Это примерно то же, что подглядывать в телескоп, только хуже, потому как он буквально в трех футах от меня и у меня нет возможности упасть на пол и спрятаться. Правда, теперь он хотя бы не полуголый.

– Раз ты встала в такую рань, значит, жди конца света, – говорит он, и кончики его губ тянутся вверх.

– Я не могла спать. Петухи без конца кукарекают.

– Значит, ты без конца думаешь о ферме.

– Это я о птице, тут есть одна, которая кричит очень громко, – одариваю я его мимолетной улыбкой. – Можешь вполне назвать ее горным петухом.
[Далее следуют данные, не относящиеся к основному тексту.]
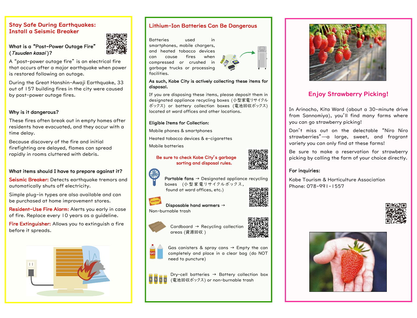 Every month, the English-language KOBE Paper provides a summary about city services, events, and other information for living in Kobe.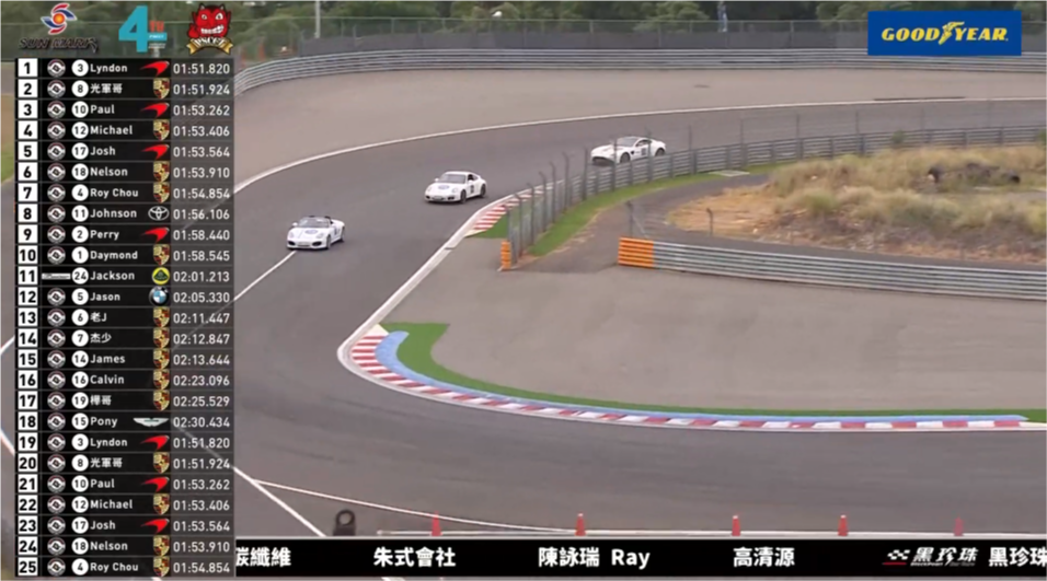 除了體驗Goodyear高性能胎款所帶來的駕馭樂趣之外,這次由PSCCT車主俱樂部所主辦的賽道日活動也有著不同於以往的創舉。最酷的莫過於將現場打造成一場賽事轉播活動,透過高規格的設備進行live直播當下的單圈速度與車輛名次,將車主與名次排列在轉播畫面左側,宛如觀看一場Porsche品牌賽事,讓Pit box現場不時傳來歡呼聲,增添了緊湊刺激的氛圍。更邀請了林沅滸+沈慧蘭賽車夫妻檔、林帛亨、將軍、廖君豪、小宇、李一志等車壇名人進行賽況播報,專業程度瞬間飆升,也為賽道日活動呈現了不同的創意與形式,為車主和參與活動的民眾帶來更多樂趣與歡樂。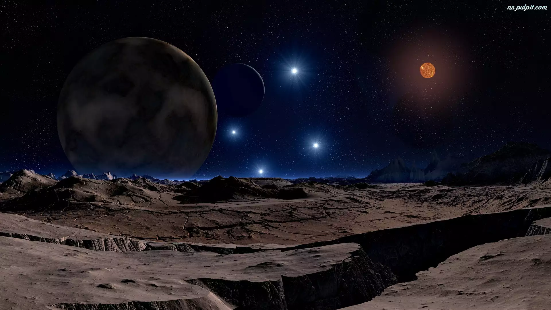 Krajobraz, Księżyc, 3D, Księżycowy, Gwiazdy, Planety, Kosmos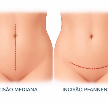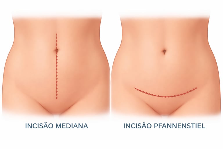 Corte phannestiel (tipo “cesárea”): fica logo acima do osso do púbis. É uma incisão com boa avaliação de toda a pelve, podendo ser usada em varias oportunidades.
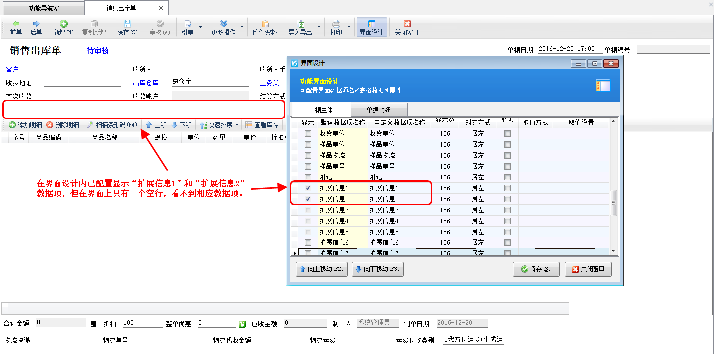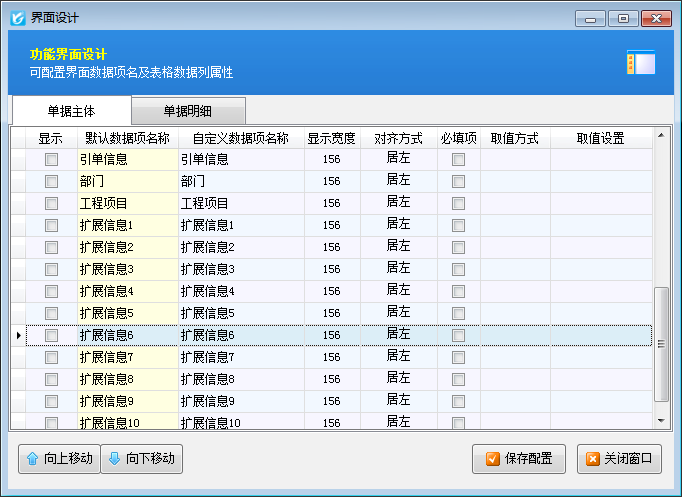 ????“單據(jù)主體”中如果打勾設(shè)置顯示數(shù)據(jù)項,但在界面上看不到,這是因為這個數(shù)據(jù)項目上方還有多個不顯示的數(shù)據(jù)項,遇到這種情況將相應(yīng)的數(shù)據(jù)項向上移動,與其他需要顯示的數(shù)據(jù)項移動到一起,然后“保存配置”按鈕即可。如下圖所示,可以將“擴(kuò)展信息 1”和“擴(kuò)展信息 2”移動到上面即可:

– Мне кажется, что на самом деле их зовут ястребами, – весело говорит он.

– Без разницы. – Я накладываю в тарелку сосиски и бекон. – Ого, у тебя овсянка. Ты это серьезно? Неужели ты ешь эту кашу дома?

– Обожаю овсянку. Овсянка – это жизнь. – Он набирает в ложку миндаля и посыпает им кашу. – Знаешь, я думаю, что Сэмюэл Джонсон в своем печально известном словаре восемнадцатого века описал овес как продукт, которым англичане кормят лошадей, а шотландцы – людей.

Я качаю головой и про себя улыбаюсь:

– Леннон и его занимательные факты.

– А ты так отчаянно любишь мясо только потому, что живешь с Джой, – говорит он, показывая на мою тарелку.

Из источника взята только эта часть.